Judge Nelson Johnson from Atlantic County ()
A newly approved opinion directs judges evaluating structured settlement sales in exchange for lump-sum payments to push their inquiries beyond the litigant’s basic understanding of the deal—and in the process hammers down some much-needed guideposts.
“Absent criteria from the Legislature, and with only one published judicial decision on this issue by a New Jersey trial court, this court has developed a list of questions with an eye toward creating a coherent factual record upon which an informed decision may be made,” Atlantic County Superior Court Judge Nelson Johnson said in In re T. Keena, Transfer of Structured Settlement Proceeds to Peachtree Settlement Funding, which was approved for publication Sept. 29.
“The court’s obligation is much more than merely inquiring into whether the payee is competent and has voluntarily entered into the agreement with knowledge of its consequences,” Johnson added.
He noted that judges are “often called upon to resolve thorny issues involving litigants’ personal lives: some entail second-guessing the wisdom of a person’s choice, and more vexing, what’s best for them.”
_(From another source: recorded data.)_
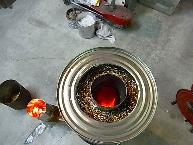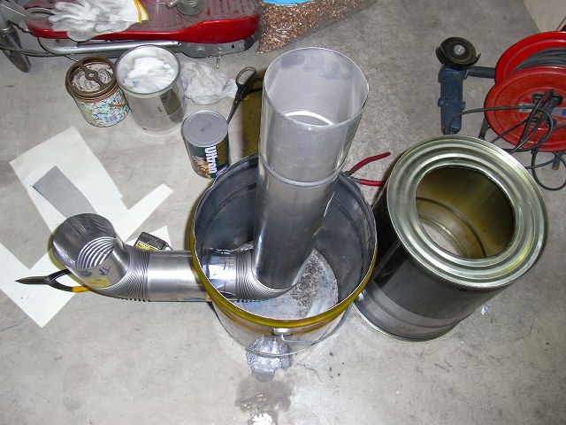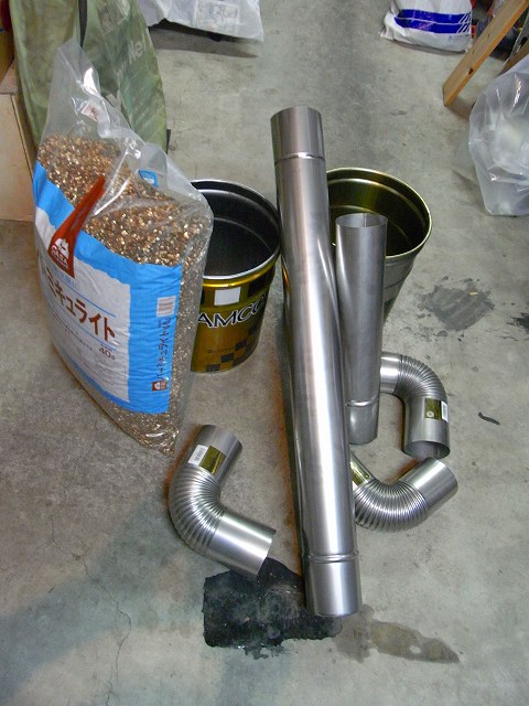 断熱材(バーミキュライト)40Lを、ヒートライザーとペール缶の間に充填します。一応、完成。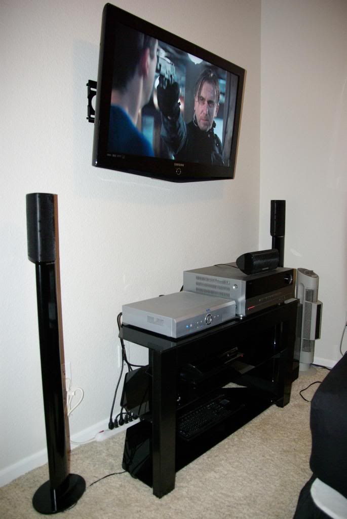 Here are my pictures for now. I took these as soon as I got the speakers setup, but it is a little better organized now. I'm trying to build a house now, so once I move I plan on upgrading my TV to something in the 50" range or possibly a projector and going to 80".
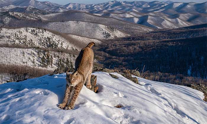 Hình ảnh con linh miêu vươn mình dưới ánh Mặt trời buổi chiều tối được nhiếp ảnh gia Igor Metelskiy người Nga ghi lại. Ông mất gần 6 tháng để chụp ảnh loài vật ẩn dật này. (Ảnh: Igor Metelskiy)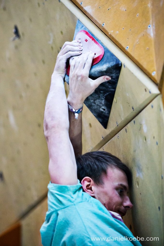 Was für ein Druck für den amtierenden Jugend-Europameister: Der 17Jährige, der schon den 6-stündigen Wettkampf hinter sich hatte und im Vorfinale 34 der 35 extrem harten Boulder toppen konnte, blieb cool und riss mit seiner Leistung schließlich alle Zuschauer von den Stühlen. Er hielt nicht nur den weiten Dynamo, sondern riskierte auch den Sprung an das Top – und hielt fest. Das Team der Hannoveraner Boulderhalle Escaladrome rutschte damit auf den zweiten Platz. Mit 50 Punkten weniger und dem besseren Ergebnis aus dem Vorfinale belegte die Boulderwelt München den 3. Platz.

Providing occasion for the guidance was an agreement reached between litigant Tami Keena, who had obtained a judgment in an undisclosed matter, and Peachtree Settlement Funding, one of numerous “factoring companies” that offer via consumer advertising to buy annuities and other future payments.
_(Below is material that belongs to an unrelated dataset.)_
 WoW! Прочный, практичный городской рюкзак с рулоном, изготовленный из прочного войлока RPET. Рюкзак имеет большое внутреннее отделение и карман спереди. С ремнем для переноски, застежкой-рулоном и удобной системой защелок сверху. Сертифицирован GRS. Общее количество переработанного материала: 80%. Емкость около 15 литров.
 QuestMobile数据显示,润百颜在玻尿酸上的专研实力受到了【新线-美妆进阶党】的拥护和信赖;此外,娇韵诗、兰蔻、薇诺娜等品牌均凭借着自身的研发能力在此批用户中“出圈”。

A pleading and order to show cause were filed last April, as the New Jersey Structured Settlement Act requires court approval of any transfer of payment rights.
Keena was pro se—”as is the situation in 100 percent of such matters handled by this court,” Johnson said—and had agreed to sell a $66,175 judgment, payable in June 2019, for an immediate payment of $46,250.
“This court has handled a large number of such transactions, and … the proposed sale is more reasonable than most,” the judge noted in the decision.
He nonetheless directed Keena, at a hearing, to explain how the sale would change her life for the better.
The resulting decision does more than just approve Keena’s agreement with Peachtree.
Johnson laid out 15 factors he typically considers: the payee’s age and education level; the payee’s living situation; whether the payee has any dependents; whether the payee has other sources of income; the nature of any injuries sustained, and of the resulting lawsuit that yielded the judgment; whether the payee will require future medical treatment; whether the payee understands the agreement terms; what circumstances led to the structured payment schedule becoming untenable; whether a lawyer has examined the agreement, or whether the payee sought advice from any lawyer or nonlawyer; how the proceeds of any prior structured settlement sales were utilized by the payee; how the funds from the pending sale would be used; and “how the sum to be paid to you will benefit you to such a degree that it is better to receive that reduced sum now, rather than receiving the full amount on the date you originally agreed to.”
The “threshold inquiry,” according to Johnson, is how the payee’s life will be changed for the better.
The judge said he has approved transfers over the years for the purpose of paying education expenses, home or vehicle expenses, urgent debts consequential to employment or living situation, non-routine medical expenses, retention of professional services, wedding or new household costs, adoption or other family costs, and funeral expenses.
Johnson noted that he has required documentation of the payee’s need for funding, and, in some cases, legal counsel paid for by the factoring company will assist.
The Structured Settlement Act, adopted in 2001, was pushed to address potentially exploitative practices by factoring companies and requires judges to make “express findings” that the sale is in the payee’s “best interest”—but the statute does not define “best interest,” Johnson said.
The only published opinion in New Jersey dealing with structured settlement transfers—In re Transfer of Structured Settlement Rights by Spinelli, a 2002 Law Division ruling—noted the “best interest” is not defined by the statute itself, nor by any accompanying regulations. That court examined how “best interest” is applied in connection with family law cases: “‘In essence, the term refers to optimizing the condition of the person, entity or public interest that the law is designed to protect.’”
The judge also relied on several out-of-state decisions, among them a 2003 New York Supreme Court decision which laid out seven factors, including the intended use of the funds and the “financial acumen” of the payee.
Johnson, in his June 18 decision, wrote that it’s “not enough for the court to merely learn that the payee understands the consequences and the significant sacrifice being made through the sale.
“The court must make ‘express findings’ that the proposed sale is in the payee’s ‘best interest’ by somehow improving his or her life (or addressing an urgent need),” the judge said.
In Keena’s case, Johnson found that the structured settlement sale was in her best interest. The judge noted that Keena, a married mother of two, sought to move from their Brigantine home, which sustained damage in Superstorm Sandy, to a more inland location.
Keena didn’t return a call for comment on the ruling.
Neither did Lance Bitterman of Fredson & Statmore in Clifton, who appeared on behalf of Peachtree.